The need is clear. But the strategy to meet it is stuck in the 1970s. That's when Maryland took the progressive step of combining its highway and transit agencies into one department. Gas taxes, car registrations and transit fares all went into one account used to invest in transportation improvements. As more money was needed, the legislature would raise it, using the opportunity to informally ratify priorities.
I came to the House of Delegates in 1987. That was the year we raised the gas tax to fund expansion of I-270, build Baltimore's light rail and extend Metrorail to Greenbelt. Again, in 1992, we passed a big transportation revenue package, leaving the details of project selection to informal negotiations between legislators and the governor.
But that was the last increase in the gas tax and the last big transportation package. Twenty years ago.
Since then, the General Assembly has passed small programs — to build the Intercounty Connector with tolls and to keep up with highway repairs and transit planning. But these have fallen far short of the need. The result has been world-class traffic congestion, which irritates citizens and retards economic growth.
For the last few years, Senate PresidentThomas V. Mike Millerhas championed legislation to raise the gas tax. It has failed because oil prices have risen and public trust in government priorities has fallen. This year, it failed again because most legislators were convinced — rightly — that most voters won't support a gas tax increase to pay for transportation investments they are only vaguely aware of. Such an increase is unlikely to be taken up in a special session.
What is to be done?
We need a new, more transparent strategy for transportation investment. Unlike Maryland, many states fund major transportation projects from bonds authorized in voter referendums. The state's leadership draws up a plan and asks the voters to approve it.
The revenue sources may be the gas tax — or sales tax, property tax, or other revenue. The key is that the revenue is tied to specific projects, and the voters — not the politicians and bureaucrats — get to decide if the benefits are worth the costs. In just the last three years, in the midst of the Great Recession and rising gas prices, voters in 18 states have passed 74 transportation investment programs.
Maryland can learn something from them. After 20 years of waiting for the politicians to decide the time is right to raise revenue for transportation, it time to put the issue to the citizens. Unfortunately, under Maryland's constitution, putting this challenge to the people is easier said than done. It will require a constitutional amendment allowing the governor and the legislature to call a referendum on a transportation investment program.

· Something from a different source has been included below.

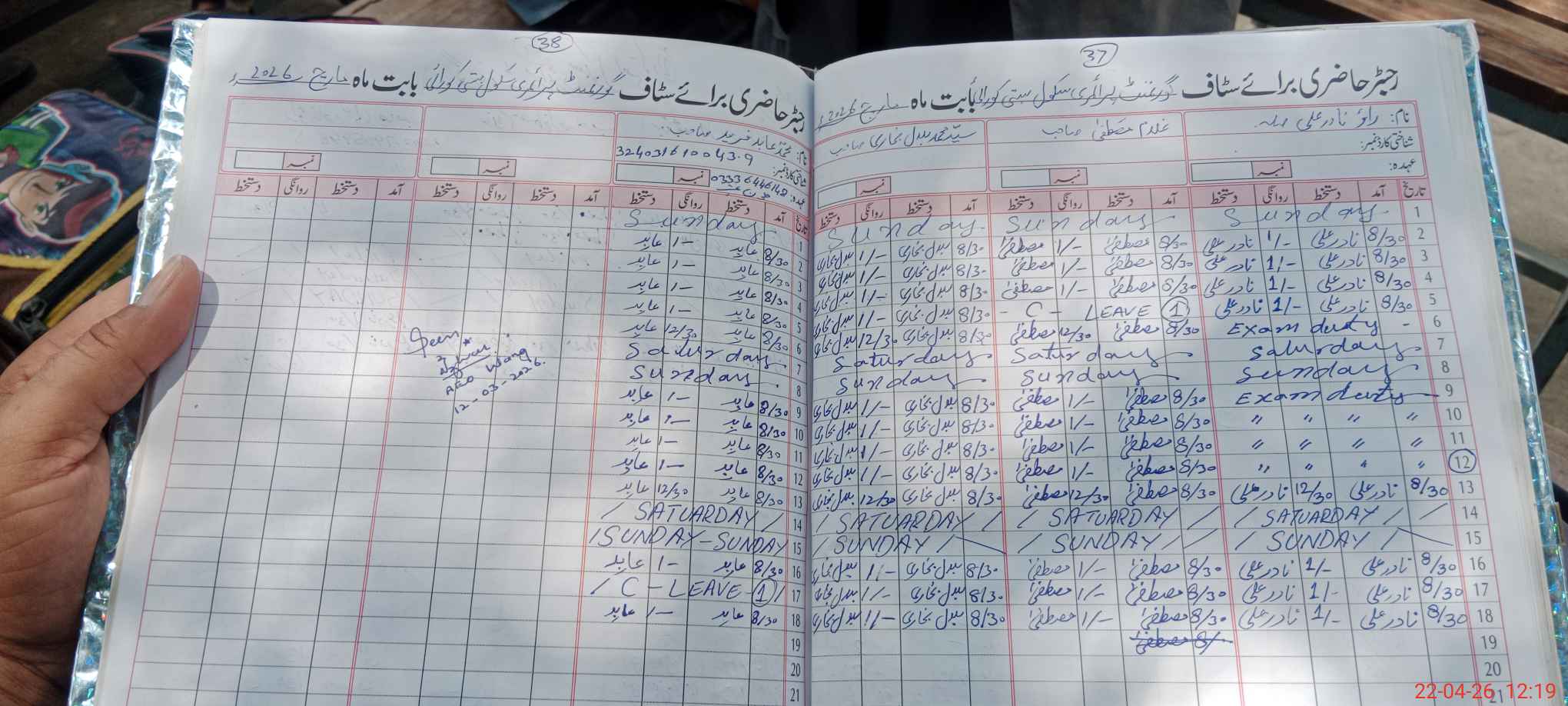 | CNIC | Full Name | Designation | R/C | Absence During Last Calender Month |

But that's no reason not to do it. Five years ago, the legislature proposed a constitutional amendment to let the people decide on legalizing slots gambling in Maryland, and they approved it.

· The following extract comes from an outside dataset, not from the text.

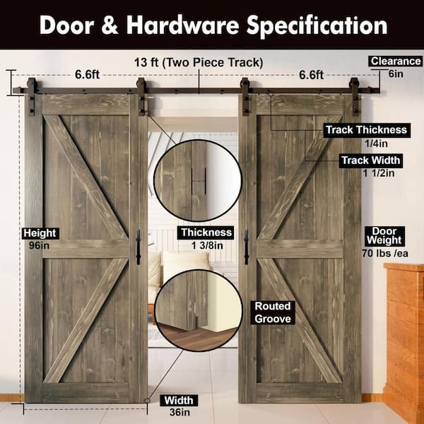 36 in. x 96 in. K-Frame Classic Gray Double Pine Wood Interior Sliding Barn Door with Hardware Kit, Non-Bypass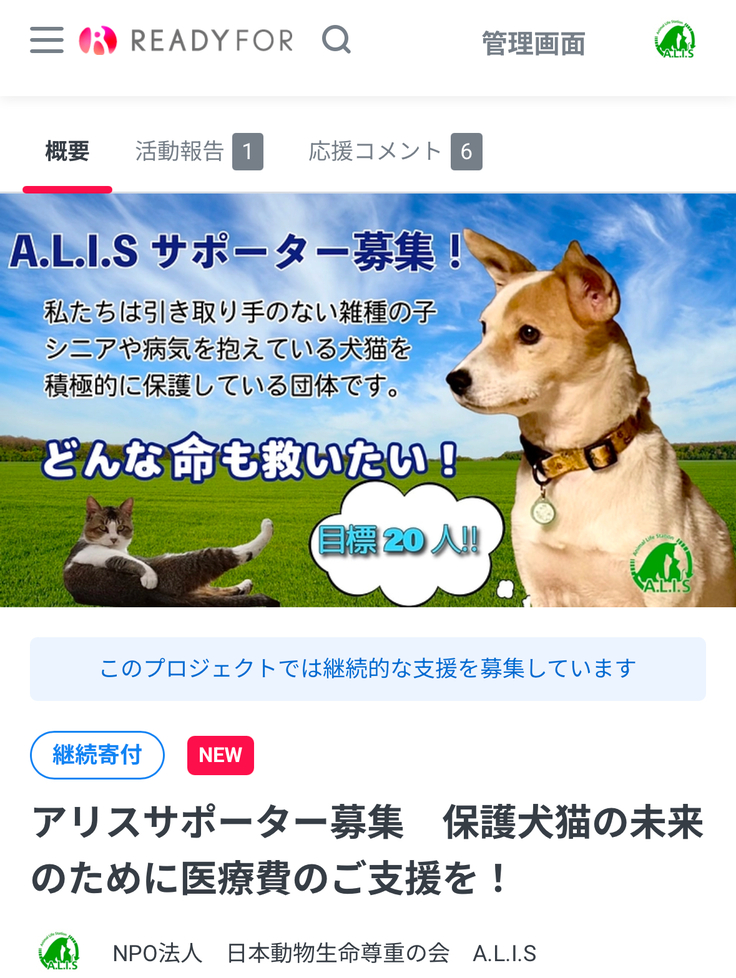 🐶🐱A.L.I.Sサポーター募集 はじまりました!🐾

The first step would be for the legislature to propose a constitutional amendment to authorize a referendum on a major traffic-busting transportation plan. We could do it in a special session this year and put in on this November's ballot. Or we could wait until next year and propose it for Election Day 2014.

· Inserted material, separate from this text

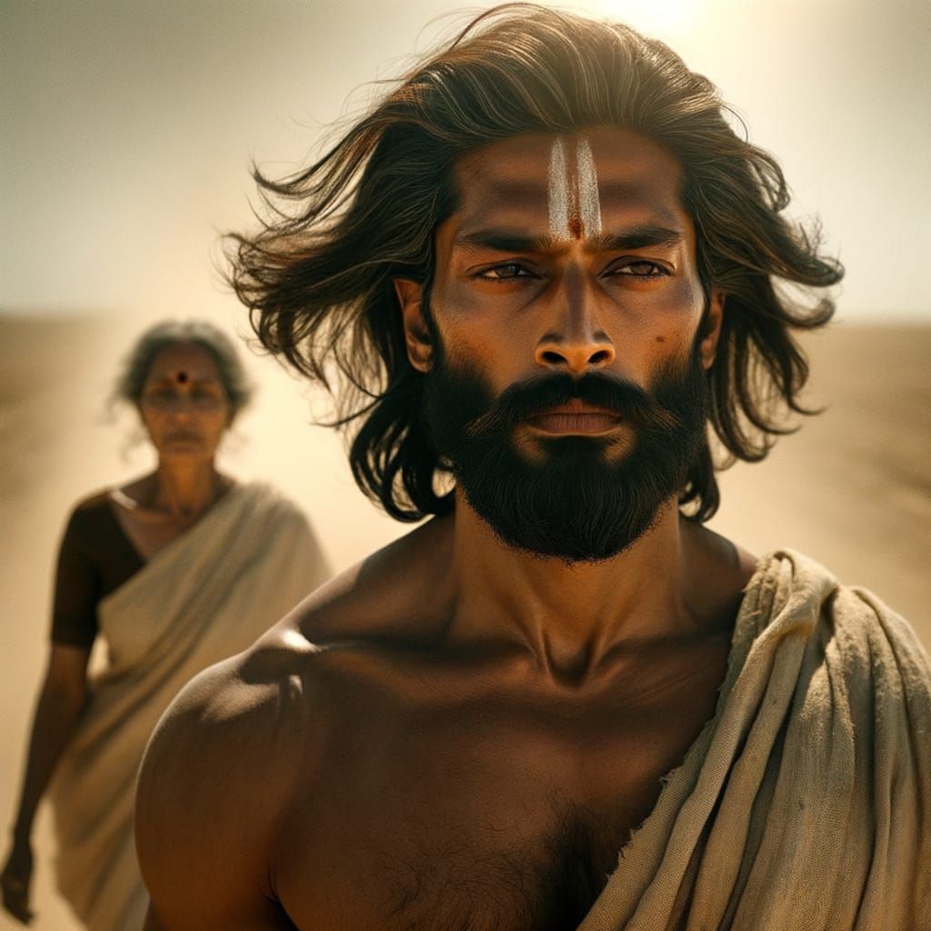 This image shows a traditional Indian family walking on a dusty road in bright sunlight. A man leads the way, radiating strength, followed by a woman with a tired expression.

If it is approved, the governor and legislative leaders should convene a group, including private-sector representatives, to draw up a plan to put to the voters. It should be both bold enough to inspire confidence that it will a game-changer, reducing traffic congestion and driving smart growth, and practical enough that voters can understand why the benefits are worth the costs.
Our current transportation funding model has clearly failed to keep pace with our economic needs. It's time for a new approach: Asking our people to make the big choices.